(PROVIDED RECORDS Opens)
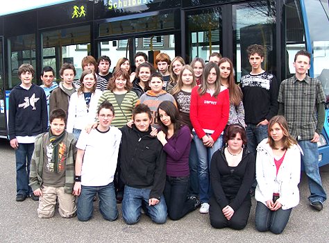 Markus Böhm, Leiter der Stadtwerke, kam persönlich mit einem Stadtbus und bot die Möglichkeit, das Gelernte in der Praxis umzusetzen. Was passiert bei einer Vollbremsung, wenn ein Rucksack nicht gut verstaut ist? Wenn Schüler/Innen auf den Lehnen sitzen? Wenn ungesicherte Flaschen durch die Gegend fliegen? Auch konnten die Schüler erkennen, dass es dem Busfahrer von seinem Sitz aus manchmal unmöglich ist, Gefahren im Bus rechtzeitig zu erkennen.
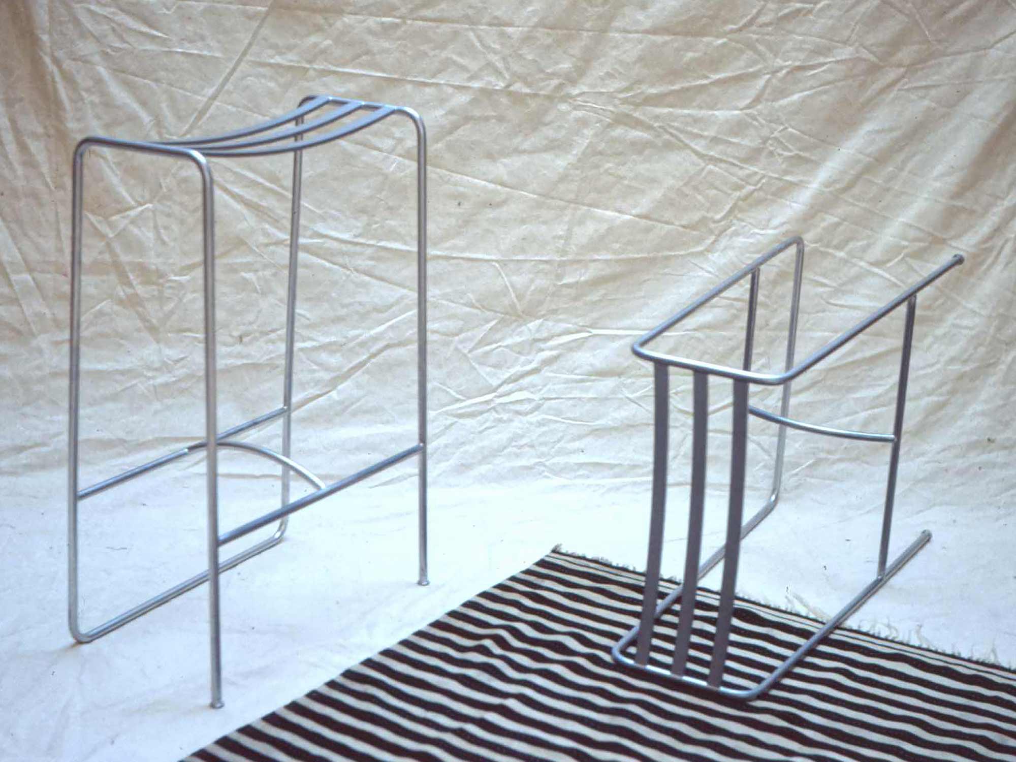 I designed the slatted stool in my first year at the Royal College in 1983. The original model had rather narrow seat slats and people mistook it for a towel rack! It was also so far as I remember the first design of mine to be produced in significant numbers. I modified the design for SCP, making the slats wider, but on the current production model they are narrower again. It was a simple structural exercise to bend a single length of tube and to brace it where necessary to provide a seat.
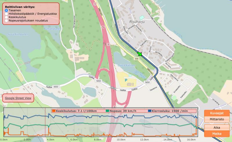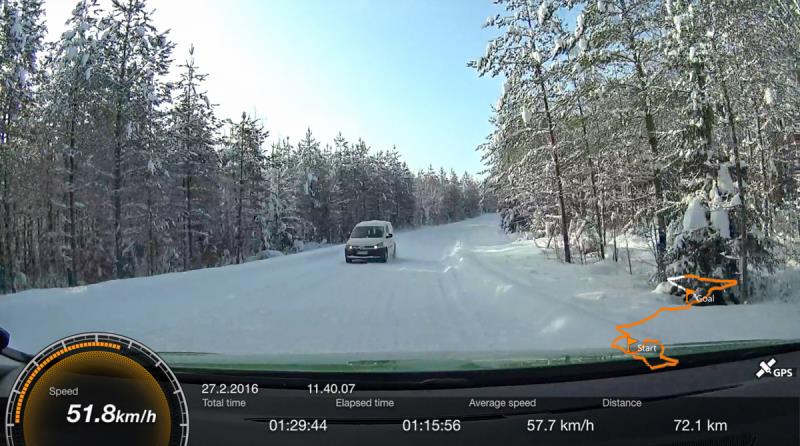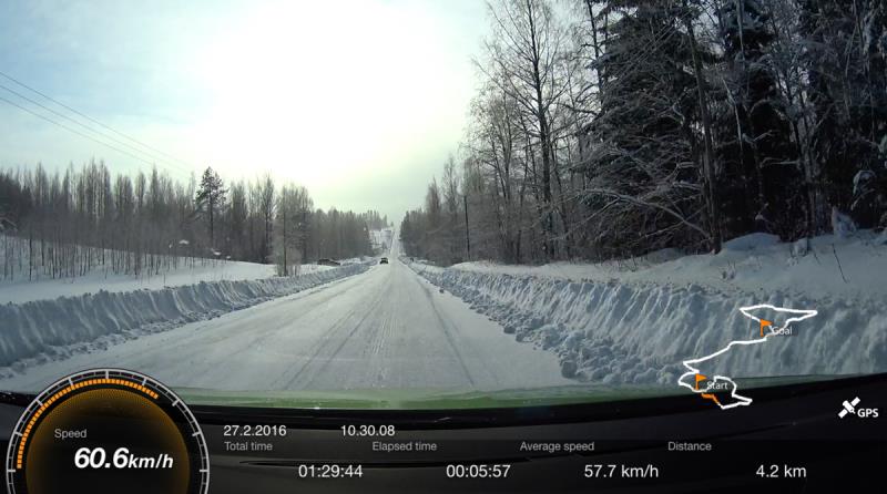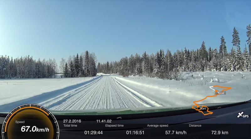 Omaan muistiin ei voi aina luottaa, mutta kyllähän nyt blogaaja-insinööriltä löytyy autosta laitteita, jotka tallentavat GPS-jäljen ja jotka tässä tapauksessa vahvistivat nopeusmielikuvani todeksi. Joulupukin tuoman Sonyn actionkameran mukaan nopeuteni oli tutkaa lähestyessä 57-62 km/h. Kameran GPS ei välttämättä ole tarkin mahdollinen (tuo 57 km/h oli outo pudotus), mutta en oikein usko, että se olisi näyttänyt 7 km/h liian vähän. Driveco-ajotavanseurantalaitteen kartalta oli hankalampi löytää tutkan tarkka sijainti, mutta ko. suoralla nopeus oli senkin mukaan ollut max 65 km/h. Jälkimmäisestä tutkakohdasta minulla ei ole videomateriaalia, koska kamerasta loppui akku muutamaa kilsaa aiemmin, mutta Drivecon mukaan ajoin tutkan alueella kuitenkin max. 39 km/h nopeudella.
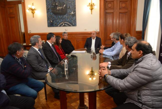 Junto a la ministra de Gobierno y Justicia, Carolina Vargas Aignasse; el subsecretario general de la Gobernación, Pedro Sandilli; y al Secretario de Transporte, Vicente Nicastro; el Primer Mandatario dialogó con el presidente y el vicepresidente de AETAT, Daniel Orell y Jorge Berreta, César González (UTA), Luis García (vocal AETAT) y Andrea Courtade (vocal AETAT).
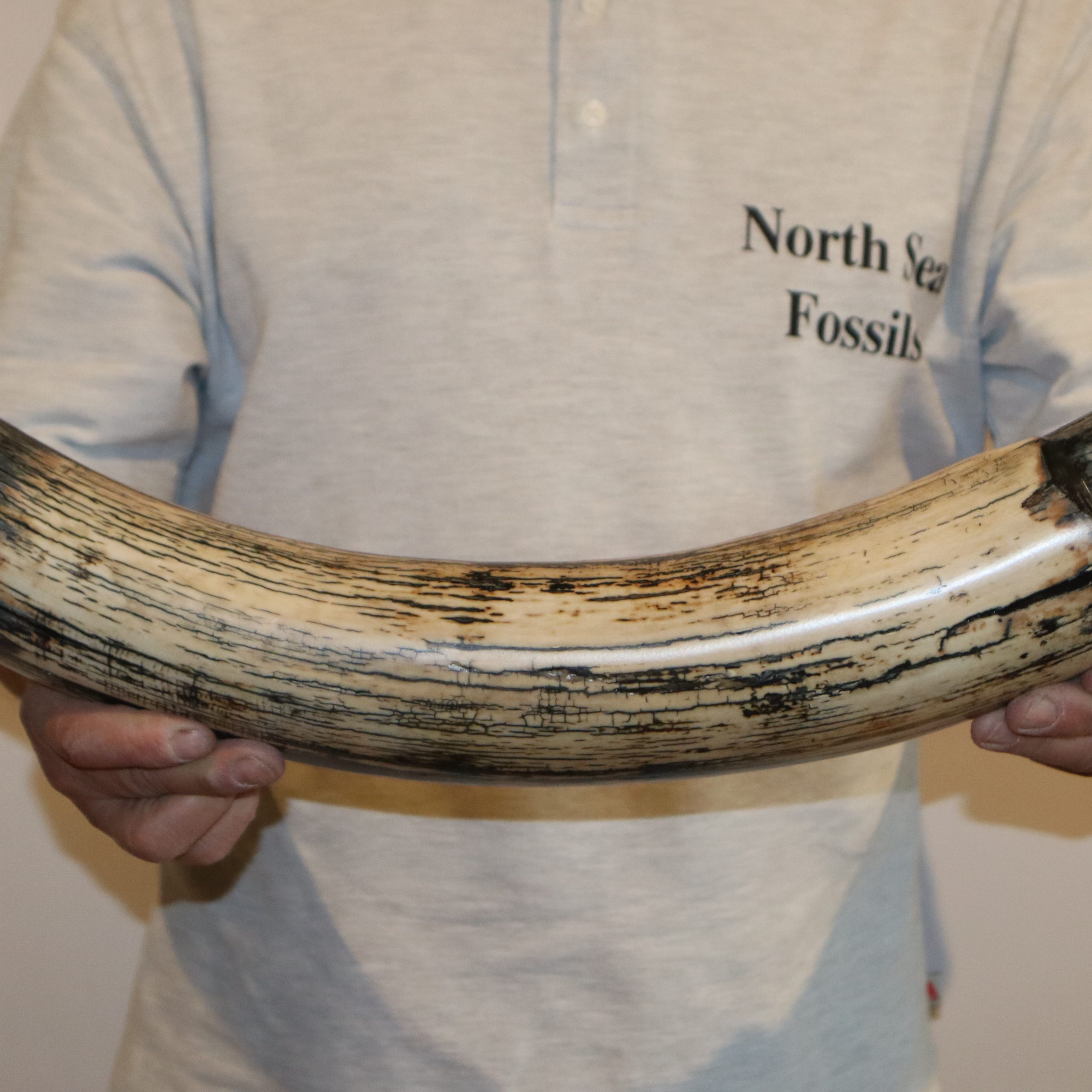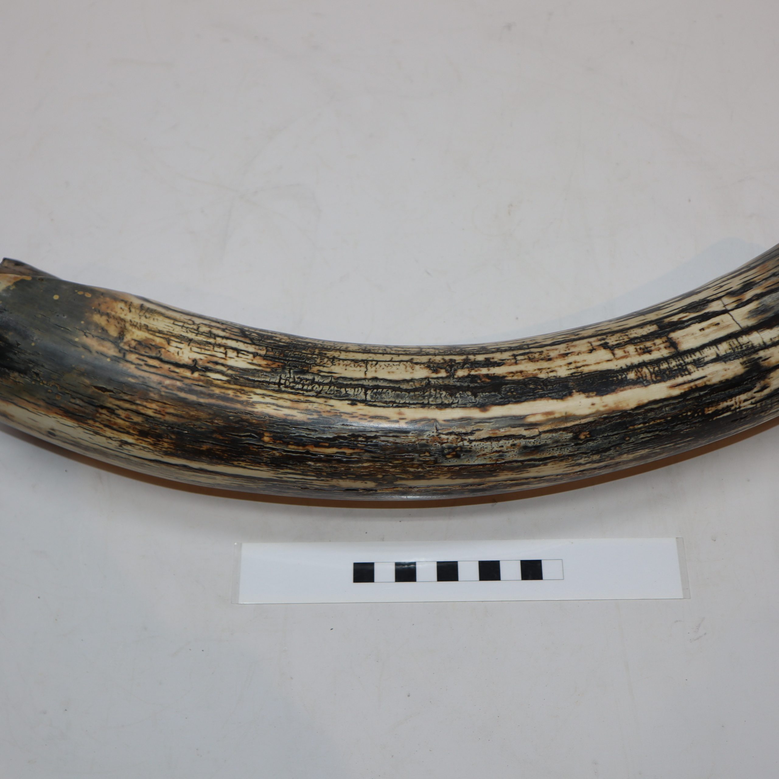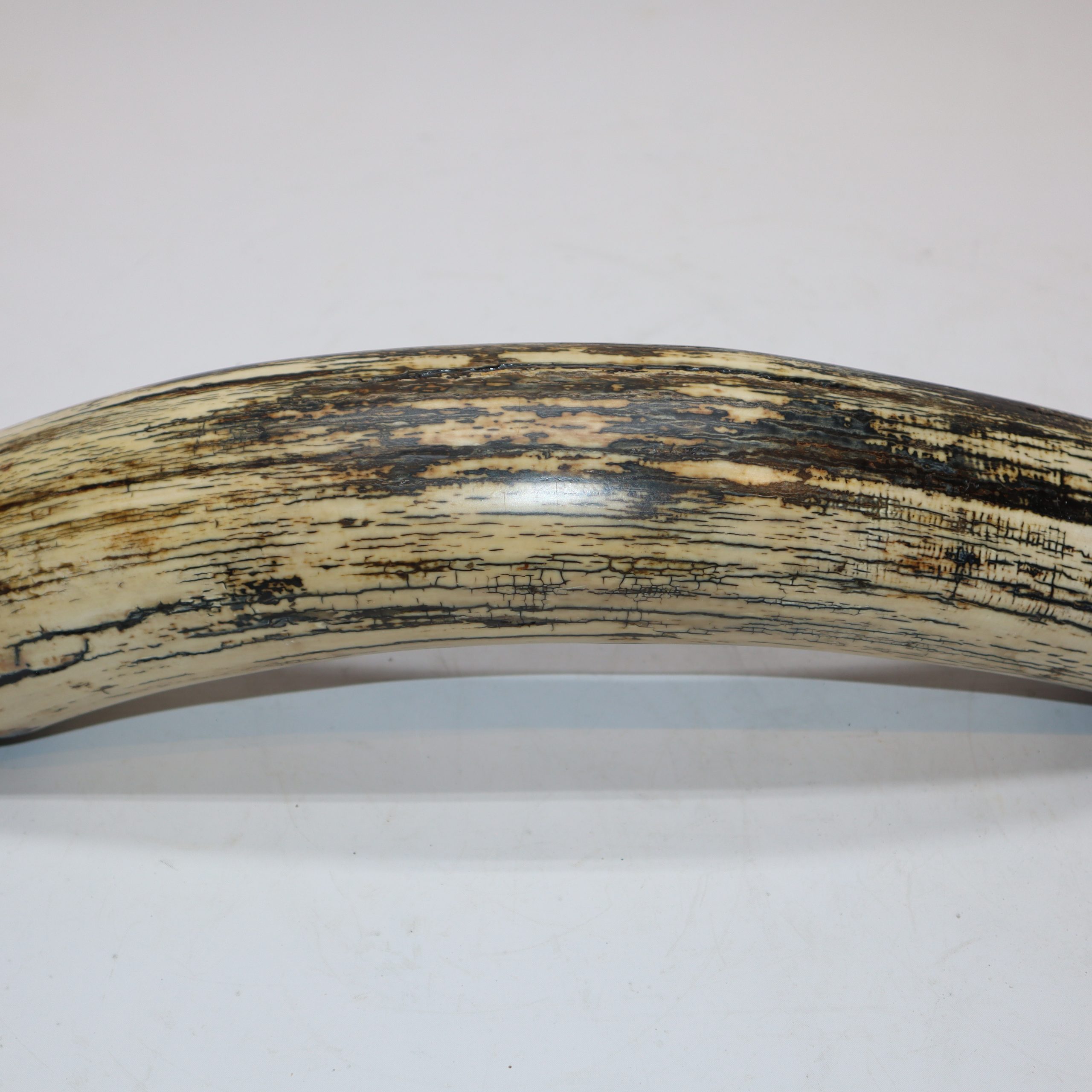 On offer is a beautiful base of a tusk of an adult Woolly Mammoth, in excellent condition. This is the tusk piece where it attached to the animal’s skull, hence the hollow part. Very good state of preservation, as seen in the images. No restoration whatsoever. This tusk base is of beautiful colouring of mainly white, black, gold and brown ivory and with stunning patterning. Judging from the circumference this would have belonged to an adult Mammoth. A matt finish has been applied to this piece, but it is also possible to order it with a glossy finish. The black-and-white section of the ruler in the image represents 10 cm / 3.9 inch.
(PROVIDED RECORDS Closes)
WORK INSTRUCTION:
Give back exactly the lines from the opening of the listing through the line holding "I designed the", both ends included, with every picture omitted.

ANSWER BOX:
 Markus Böhm, Leiter der Stadtwerke, kam persönlich mit einem Stadtbus und bot die Möglichkeit, das Gelernte in der Praxis umzusetzen. Was passiert bei einer Vollbremsung, wenn ein Rucksack nicht gut verstaut ist? Wenn Schüler/Innen auf den Lehnen sitzen? Wenn ungesicherte Flaschen durch die Gegend fliegen? Auch konnten die Schüler erkennen, dass es dem Busfahrer von seinem Sitz aus manchmal unmöglich ist, Gefahren im Bus rechtzeitig zu erkennen.
 I designed the slatted stool in my first year at the Royal College in 1983. The original model had rather narrow seat slats and people mistook it for a towel rack! It was also so far as I remember the first design of mine to be produced in significant numbers. I modified the design for SCP, making the slats wider, but on the current production model they are narrower again. It was a simple structural exercise to bend a single length of tube and to brace it where necessary to provide a seat.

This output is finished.